5. Practical and Theoretical Implications
The theoretical reframing offered by algorithmic causality has several implications:
- Causal inference in non-i.i.d. and non-stationary settings: Algorithmic dependence does not presuppose repeated sampling and is therefore suited for unique or evolving systems.
- Distinction among Markov equivalent graphs: Algorithmic complexity breaks symmetry where statistical tests cannot—by preferring the simplest mechanisms among otherwise equivalent models.
- Sensitivity to mechanistic simplicity: Causal mechanisms are favored when they are compressible, i.e., require minimal programmatic description.
- Heuristic justification: The theory underpins previous heuristics such as the plausibility of simple Markov kernels, providing an information-theoretic foundation for preferring explanations that do not necessitate "coincidental" information sharing between mechanisms (formalizing a version of Occam's razor in causal modeling).
- Applicability to single-object causality: The framework generalizes to single observations, enabling causal reasoning in domains like text, images, or other complex, once-only data where statistical methods are fundamentally inapplicable.
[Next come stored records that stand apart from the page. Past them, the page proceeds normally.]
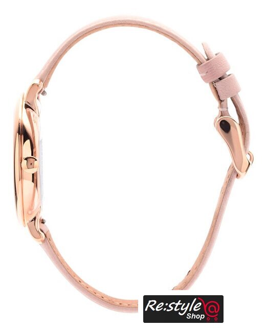золотистый/розовый корпус, синий циферблат, коричневый браслет, кожаный ремешок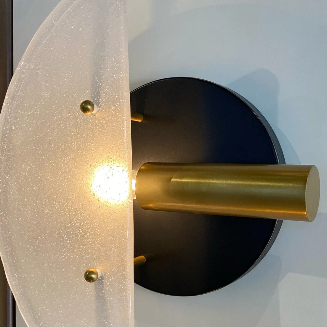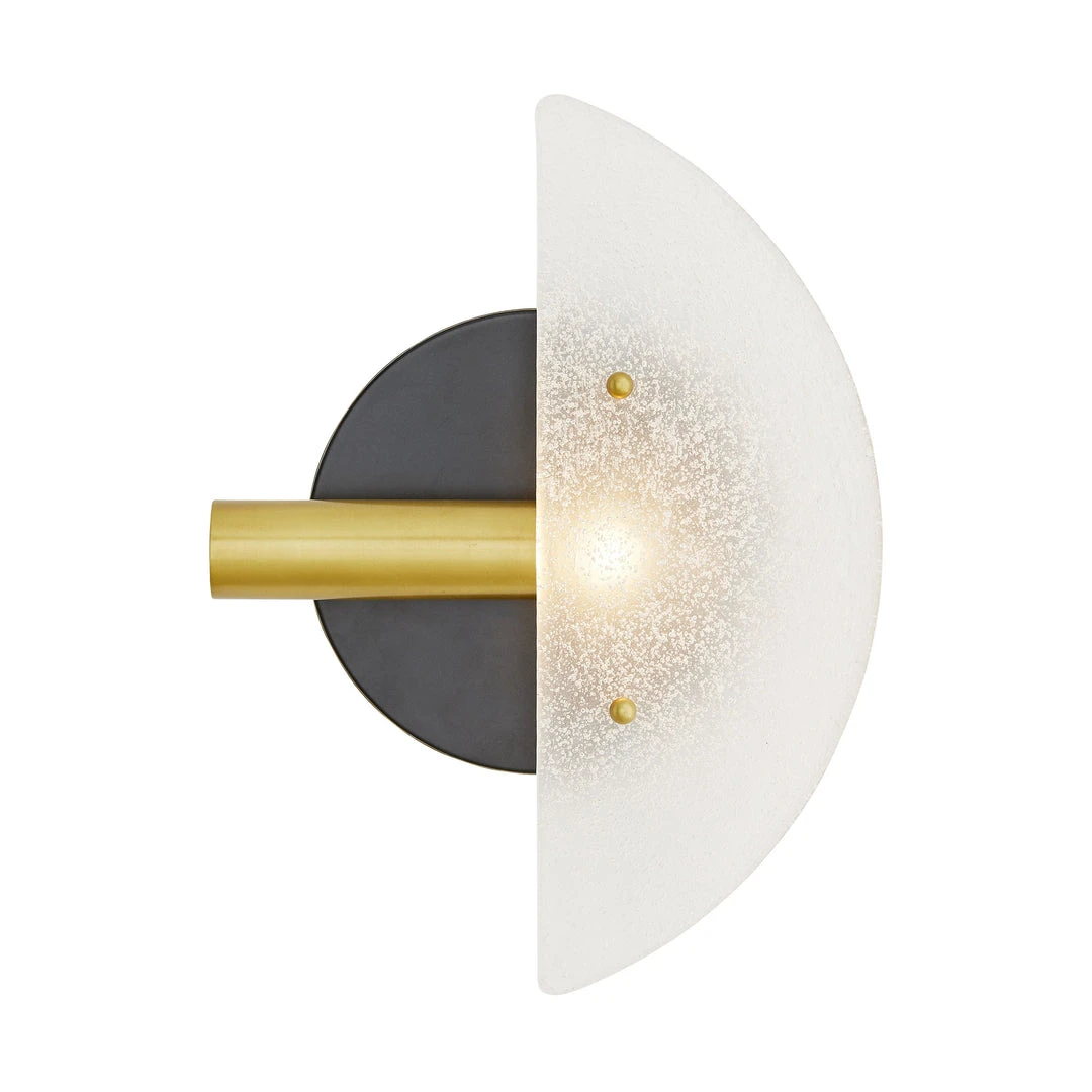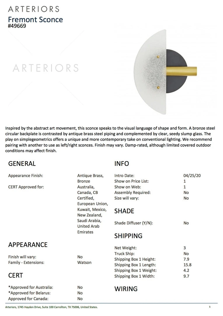 Inspired by the abstract art movement, the Fremont Sconce presented by Arteriors Home speaks to the visual language of shape and form. A bronze steel circular backplate is contrasted by antique brass steel piping and complemented by clear, seedy slump glass. The play on simple geometrics offers a unique and more contemporary take on conventional lighting. Pair the Fremont with another to use as left/right sconces. *Damp-rated, although limited covered outdoor conditions may affect the finish.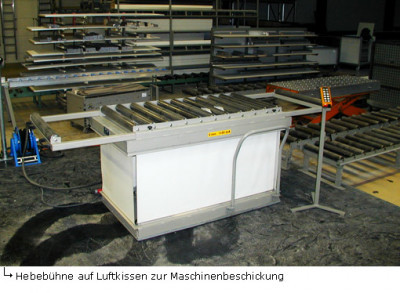 ![]() Hebebühne mit aufgebauter Rollenbahn auf Luftkissen zum leichtgängigen Verschieben, mit und ohne Last. |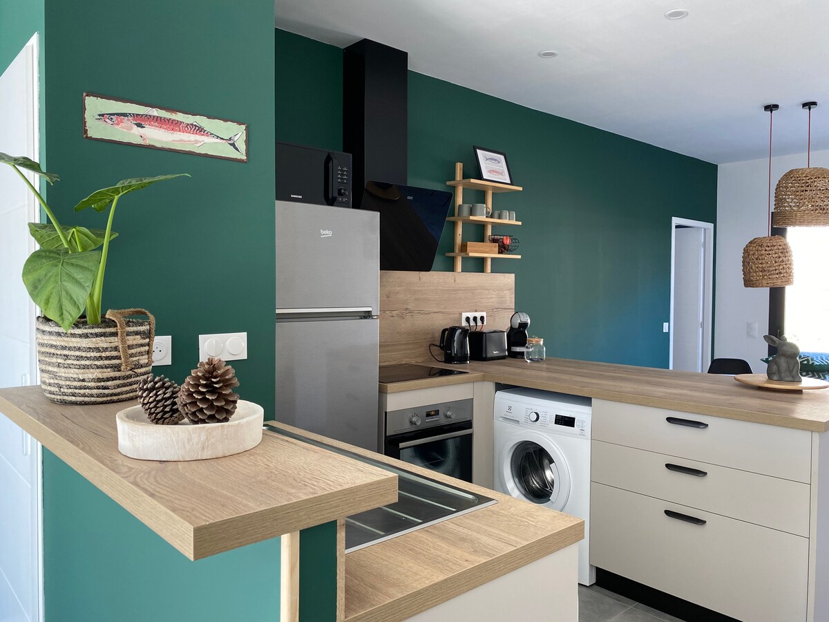 Relájese en este alojamiento tranquilo y elegante junto al lago. Decorada con buen gusto y equipada con todo lo necesario para cocinar, disfrutar y divertirse, esta casa es ideal para un fin de semana en pareja o unas vacaciones en familia, cerca del mar. A solo 10 minutos de la playa del pin sec, y cerca de todos los servicios, esta casa está idealmente situada. ¡La cocina está equipada como en casa! Y las 10 hectáreas de vegetación son ideales para dar agradables paseos. Ropa de cama y toallas incluidas.

Cases such as texts, unique genomes, or highly structured images benefit from this perspective, as causal judgments are grounded in compressibility and shared information rather than repeated sampling (0804.3678).
6. Emergent Causal Structures in Machine Learning
Algorithmic causality has implications for the emergence of causal structure in machine learning systems (such as LLMs) trained to compress data from multiple environments. Minimizing overall description length across heterogeneous data can induce the emergence of reusable, modular mechanisms: the model stores conditional rules (mechanisms) that are reused where possible, and this modular reuse is interpreted as the emergence of causality. When explicit intervention data are unavailable, the compression principle guides the learning of causal (or "quasi-causal") dependencies—as the representations that minimize the total coding length by factoring recurring regularities. Hence, compressive learning in large-scale models may foster internal representations with algorithmically causal structure, even in the absence of explicitly specified interventions or structural causal models (Wendong et al., 6 Feb 2025).
7. Synthesis and Outlook
Algorithmic causality anchors causal inference in the principles of algorithmic information theory, extending traditional statistical approaches to new domains. By substituting algorithmic independence (as measured by Kolmogorov complexity or its proxies) for probabilistic independence, and by preferring model structures that minimize both program and data description lengths, the approach unifies causal discovery and model simplicity in a principled fashion. This framework is robust to non-standard data regimes, supports causal discovery in individual objects, sharpened the selection among statistically equivalent models, and provides a foundational justification for established causal heuristics. As machine learning systems increasingly operate in complex, multi-environment, or intervention-scarce settings, algorithmic causality offers a theoretical and practical path for uncovering intrinsic causal structure via compression and descriptional simplicity (0804.3678, Wendong et al., 6 Feb 2025).